The ability to isolate extracellular vesicles (EVs) such as exosomes or microparticles is an important method that is currently not standardized. While commercially available kits offer purification of EVs from biofluids, such purified EV samples will also contain non-EV entities such as soluble protein and nucleic acids that could confound subsequent experimentation. Ideally, only EVs would be isolated and no soluble protein would be present in the final EV preparation.
Researchers from the Lawson Health Research Institute compared commercially available EV isolation kits with immunoaffinity purification techniques and evaluated their final EV preparations using atomic force microscopy (AFM) and nanoscale flow cytometry (NFC). AFM is the only modality capable of detecting distinguishing soluble protein from EVs which is important for downstream proteomics approaches. NFC is the only technique capable of quantitating the proportion of target EVs to non-target EVs in the final EV preparation.

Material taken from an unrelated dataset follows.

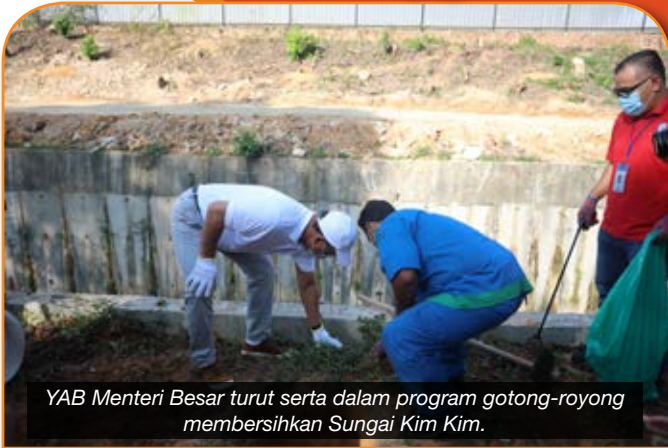
YAB Menteri Besar turut serta dalam program gotong-royong membersihkan Sungai Kim Kim.

To determine enrichment of prostate derived EVs relative to non-target MPs, anti-PSMA (Prostate Specific Membrane Antigen) antibodies were used in NFC. Antibody-based immunoaffinity purification generated the highest quality of prostate derived EV preparations due to the lack of protein and RNA present in the samples. All kits produced poor purity EV preparations that failed to deplete the sample of plasma protein.

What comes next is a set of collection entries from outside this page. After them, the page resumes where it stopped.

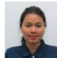
介護保険部 はるにれハウス ケアワーカー ピョー ス ナイン
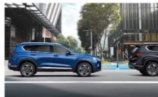
LVDA 前車駛離提醒系統
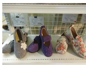
おしゃれで履きやすく履かせやすい
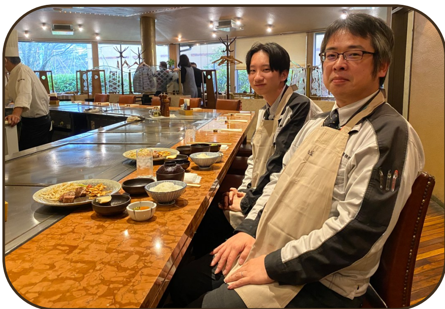
樹林厨房 金沢 六角堂 〒920-0838 石川県金沢市観音町3-4-42 営業時間11:00～15:00 17:00～22:00

Atomic force microscopy and nanoscale flow cytometry of
prostate derived EVs isolated using different methods
AFM images representing the height and amplitude of isolated EVs demonstrate the differences in content of extracellular vesicles vs co-isolated contaminant protein and non-target particles. Nanoscale flow cytometry (NFC) of all samples also demonstrates the differences between all methods in depleting “noise” populations (outside red boxes) (A-D)
While attractive due to their ease of use, EV purification kits do not provide substantial improvements in isolation of EVs from biofluids such as plasma. Immunoaffinity approaches are more efficient and economical and will also eliminate a significant portion of plasma proteins which is necessary for downstream approaches.